Proteins are the basis of all biological life on Earth, but even if you know the amino acid sequence of a protein, that doesn’t mean you know what it does or how it works. A protein’s sequence gives it a pattern of positive and negative charges, hydrophilic and hydrophobic regions, and cross-linked segments. This is what determines the protein’s active shape, or “conformation” as it’s known in the lab, and the structure of a protein is what gives it its function. Even a few mistakes in structural predictions can be the difference between an enzyme that correctly catalyzes a reaction and one that does literally nothing.

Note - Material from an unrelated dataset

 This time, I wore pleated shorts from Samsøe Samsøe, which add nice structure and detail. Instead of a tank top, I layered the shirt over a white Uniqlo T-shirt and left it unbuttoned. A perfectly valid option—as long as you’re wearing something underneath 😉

Determining the structure can be a laborious process, often relying on advanced techniques such as X-ray crystallography. AlphaFold helps put that data into context with highly accurate conformation predictions. In the video below, you can watch a team from the University of Colorado, Boulder talk about the challenges of studying proteins involved in bacterial resistance to antibiotics. The team spent ten years puzzling over the shape of a protein that Alphafold was able to predict in just a few minutes. This is possible because Alphafold has been trained on more than 170,000 known protein structures, giving it the ability to predict what new sequences will look like in 3D.

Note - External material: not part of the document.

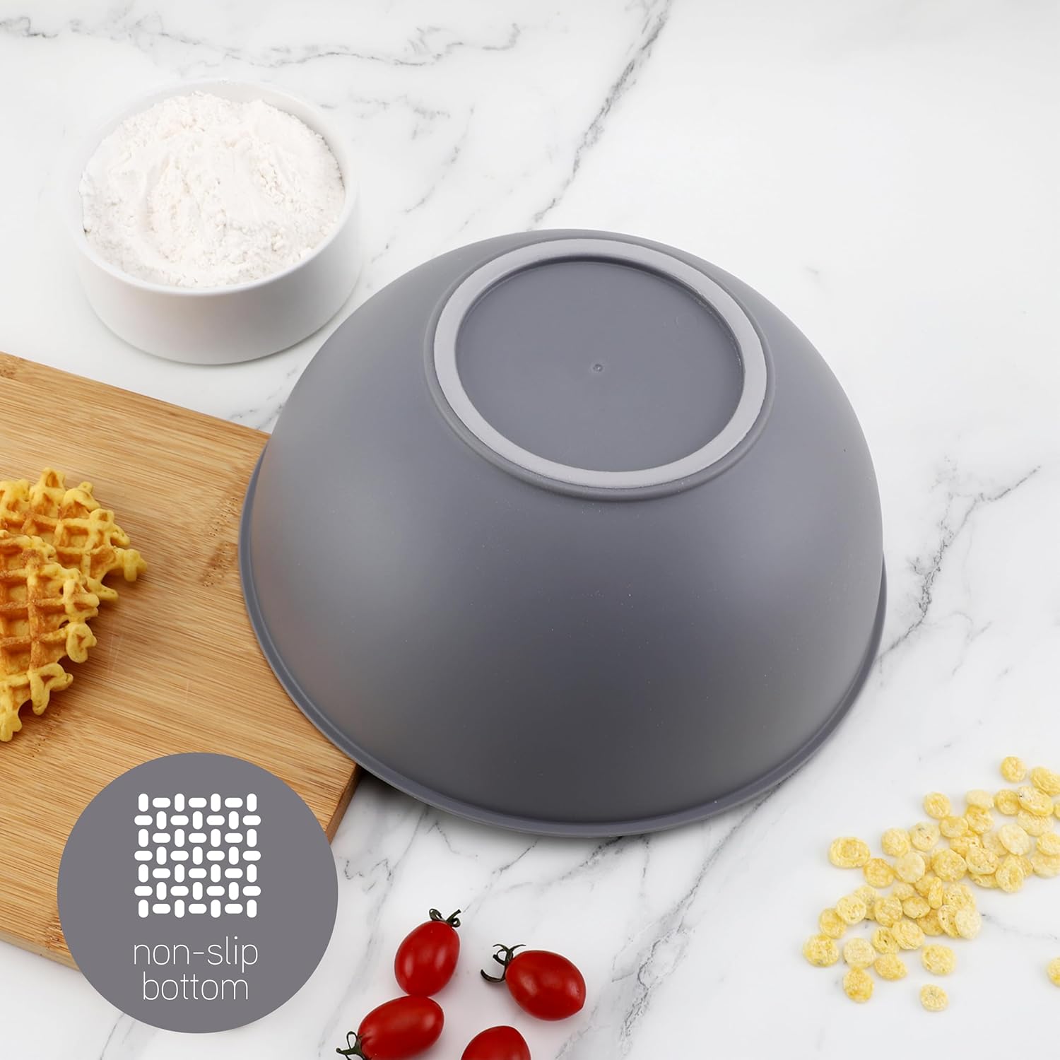• Plastic mixing bowl set made of BPA free durable polypropylene and food safe material. Top rack dishwasher safe, microwave safe and freezer safe.

When DeepMind announced Alphafold last year, it decided to make the Alphafold database freely accessible. At the time, there were just over a million structures available, making a 200-fold increase over the past 12 months quite impressive. DeepMind says Alphafold has been cited in more than 4,000 scientific papers since its debut and could help scientists understand important topics such as antibiotic resistance, food safety and the effects of plastic pollution.

With the entire UniProt database now complete, DeepMind will provide a predicted sequence directly on the web page. The complete database of all 200 million structures will be available as a bulk download from a Google Cloud public database.